Pictures excluded, copy word for word the lines from the one holding "其中,插电式混合动力汽车的销" through the last line below.

-- SOURCE DATA follows --

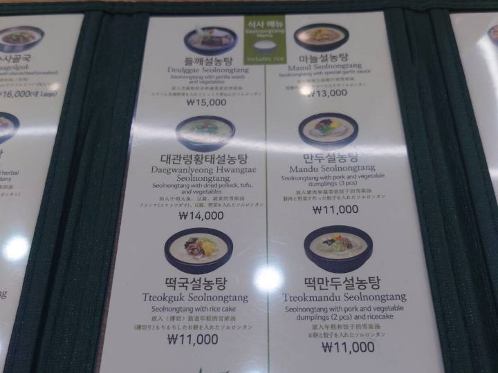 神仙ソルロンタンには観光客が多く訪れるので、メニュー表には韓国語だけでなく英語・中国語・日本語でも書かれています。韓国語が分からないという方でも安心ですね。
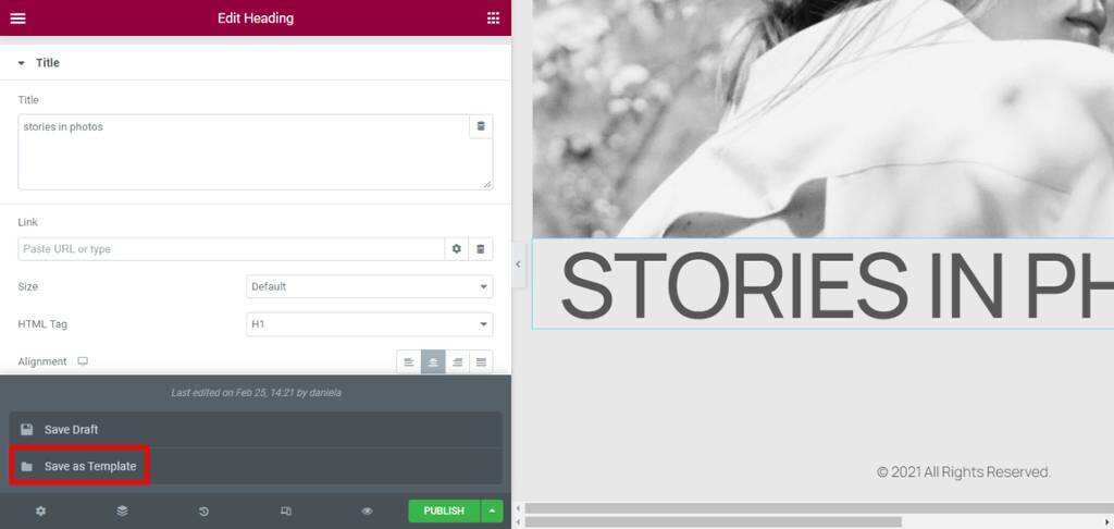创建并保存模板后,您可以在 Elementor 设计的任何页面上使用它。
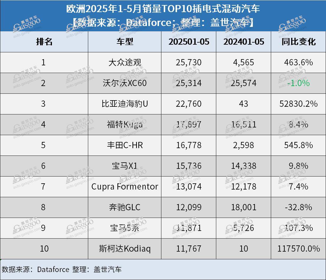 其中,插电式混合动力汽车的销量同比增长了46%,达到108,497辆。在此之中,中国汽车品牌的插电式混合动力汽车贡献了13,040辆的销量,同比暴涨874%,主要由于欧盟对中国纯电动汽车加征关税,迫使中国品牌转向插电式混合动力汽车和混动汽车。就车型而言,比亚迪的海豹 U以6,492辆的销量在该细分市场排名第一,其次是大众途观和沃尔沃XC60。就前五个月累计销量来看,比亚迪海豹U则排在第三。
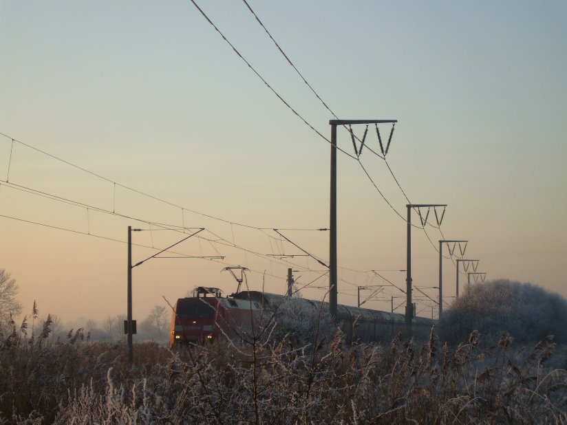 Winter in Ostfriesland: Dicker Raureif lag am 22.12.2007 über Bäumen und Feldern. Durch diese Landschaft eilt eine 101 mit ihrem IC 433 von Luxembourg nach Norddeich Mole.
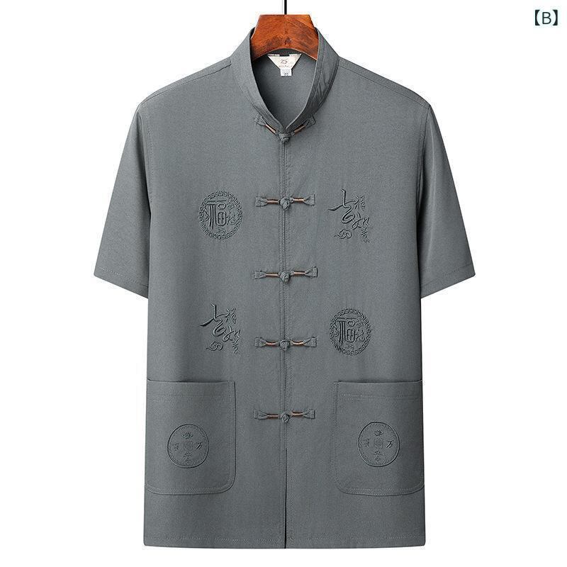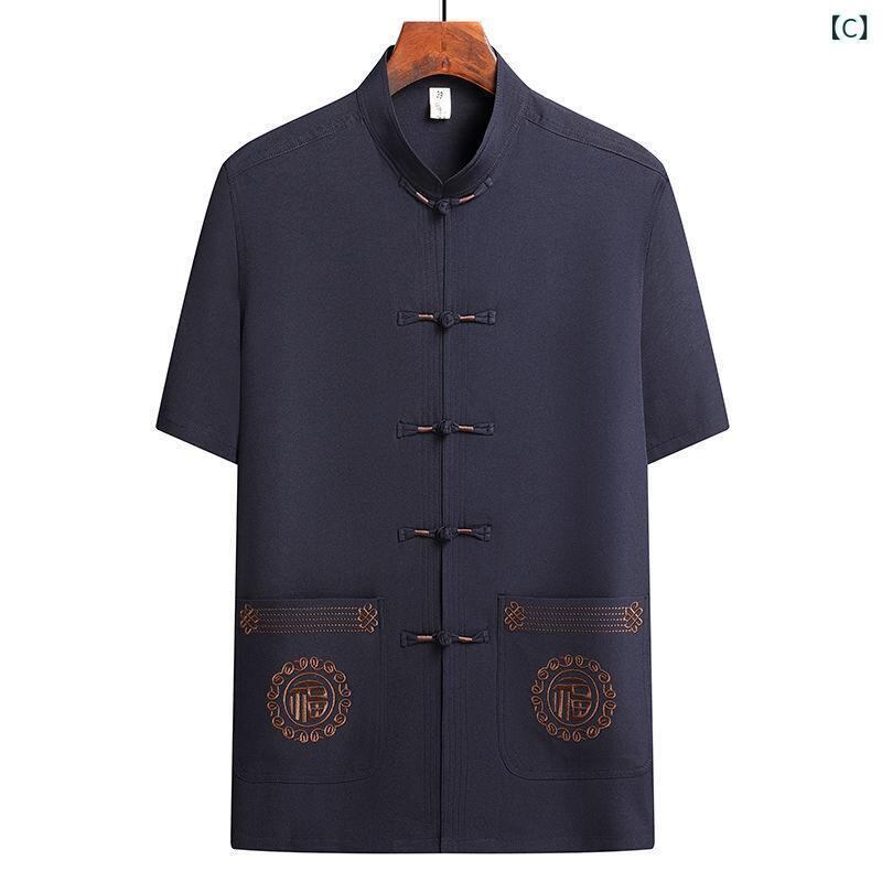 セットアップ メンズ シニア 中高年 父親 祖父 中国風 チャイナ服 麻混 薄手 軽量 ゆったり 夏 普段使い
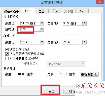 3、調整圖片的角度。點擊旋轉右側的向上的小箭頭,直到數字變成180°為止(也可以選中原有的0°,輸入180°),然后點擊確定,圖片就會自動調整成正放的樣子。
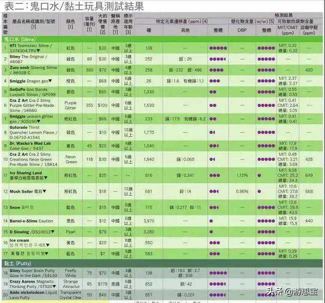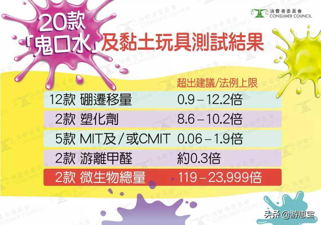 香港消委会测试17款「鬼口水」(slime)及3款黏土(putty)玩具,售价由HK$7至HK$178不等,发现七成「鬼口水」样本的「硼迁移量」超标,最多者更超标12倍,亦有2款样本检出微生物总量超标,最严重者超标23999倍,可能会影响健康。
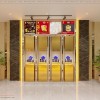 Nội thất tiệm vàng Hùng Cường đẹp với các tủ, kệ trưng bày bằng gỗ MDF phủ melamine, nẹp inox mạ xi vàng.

-- SOURCE DATA concluded --

◆ **REPLY**:
 其中,插电式混合动力汽车的销量同比增长了46%,达到108,497辆。在此之中,中国汽车品牌的插电式混合动力汽车贡献了13,040辆的销量,同比暴涨874%,主要由于欧盟对中国纯电动汽车加征关税,迫使中国品牌转向插电式混合动力汽车和混动汽车。就车型而言,比亚迪的海豹 U以6,492辆的销量在该细分市场排名第一,其次是大众途观和沃尔沃XC60。就前五个月累计销量来看,比亚迪海豹U则排在第三。
 Winter in Ostfriesland: Dicker Raureif lag am 22.12.2007 über Bäumen und Feldern. Durch diese Landschaft eilt eine 101 mit ihrem IC 433 von Luxembourg nach Norddeich Mole.
 セットアップ メンズ シニア 中高年 父親 祖父 中国風 チャイナ服 麻混 薄手 軽量 ゆったり 夏 普段使い
 3、調整圖片的角度。點擊旋轉右側的向上的小箭頭,直到數字變成180°為止(也可以選中原有的0°,輸入180°),然后點擊確定,圖片就會自動調整成正放的樣子。
 香港消委会测试17款「鬼口水」(slime)及3款黏土(putty)玩具,售价由HK$7至HK$178不等,发现七成「鬼口水」样本的「硼迁移量」超标,最多者更超标12倍,亦有2款样本检出微生物总量超标,最严重者超标23999倍,可能会影响健康。
 Nội thất tiệm vàng Hùng Cường đẹp với các tủ, kệ trưng bày bằng gỗ MDF phủ melamine, nẹp inox mạ xi vàng.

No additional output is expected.